The effort was a success, and I'd sent Dr. Breen crashing down the reactor within 48 hours. With no known homicides appearing in the following months, the hardest barrier was now shattered, and a pattern began to emerge: I'd comb through websites and old Game Informer issues looking for the cream-of-the-M-rated-crop, explain what made each game so great, and watch my collection slowly grow. Here's Deus Ex, in which the player is capable of and rewarded for not taking a single life, highlighting its open-ended and player-driven nature; this one's Bioshock, whose setting and characters are so instantly compelling and engrossing; check out Halo, which couples its breathtaking vistas with a fun, pulpy sci-fi plot; Grand Theft Auto IV isn't cool because you can shoot up prostitutes, but rather because a ludicrous amount of detail is poured into every square inch of architecture, meshing with unprecedented depth in procedural character behavior and a Tarantino-like flair in its wickedly sharp dialogue.

Almost completely unintentionally, I had attuned myself to what makes some of the medium's most beloved works so well-regarded and widely praised; it happened slowly, and, for a time, unconsciously, but my adolescent hard-on for extravagant violence had guided me, crotch-first, directly toward gaming's finest examples.

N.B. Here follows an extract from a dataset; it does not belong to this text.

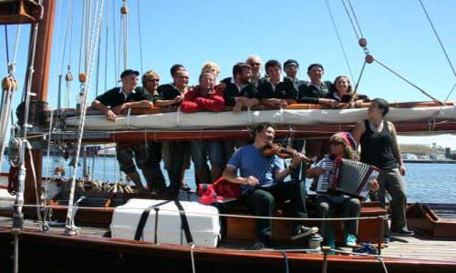 On their travels, they have often been asked to play for family or community celebrations, and the community dance element is always popular. The band’s versatility allows for spontaneous developments to arise – such as an outbreak of tango dancing, followed by a sensitive backing for a fado singer (Portuguese christening party) – or the spontaneous spoons-playing workshop for kids (Poland) – the massed Spanish chorus of Cockles and Mussels accompanied by Asturian pipers (Northern Spain) - or the vodka-fuelled four–am Irish ceilidh dancing in a tiny bar in Northern Poland – or Palestinian folk dances to Scottish reels (honest!)

Over several years, my faux-snobbery gradually morphed into honest-to-goodness for-real snobbery, slowly but surely molding my talents, interests, and personality to be thirty times more videogames than I'd have ever thought.

Would I have developed such an ardent and, at times, blind love for our little hobby had my upbringing been a little more lax on age restrictions? Would I still be churning out 1500-word articles about the subject if I'd been able to drill into dino heads in Turok 2 during my formative years? Probably. Would I care as much about its making? About what it can do as much as what it already does? Would I still want to tear apart and examine the nuts and bolts of nearly every game I buy? Probably not; so, for that, thanks, Mom and Dad. Your well-meaning overprotectiveness ended up failing in just the right way, driving me in however roundabout a manner to end up looking for and appreciating mature experiences in the sense of true maturity: not fountains of blood and geysers of curse words, but subtlety and nuance; depth and wit; scope, scale, and the willingness to push things farther and farther in the search for more compelling, meaningful, and plain-ol' fun experiences -- for real this time.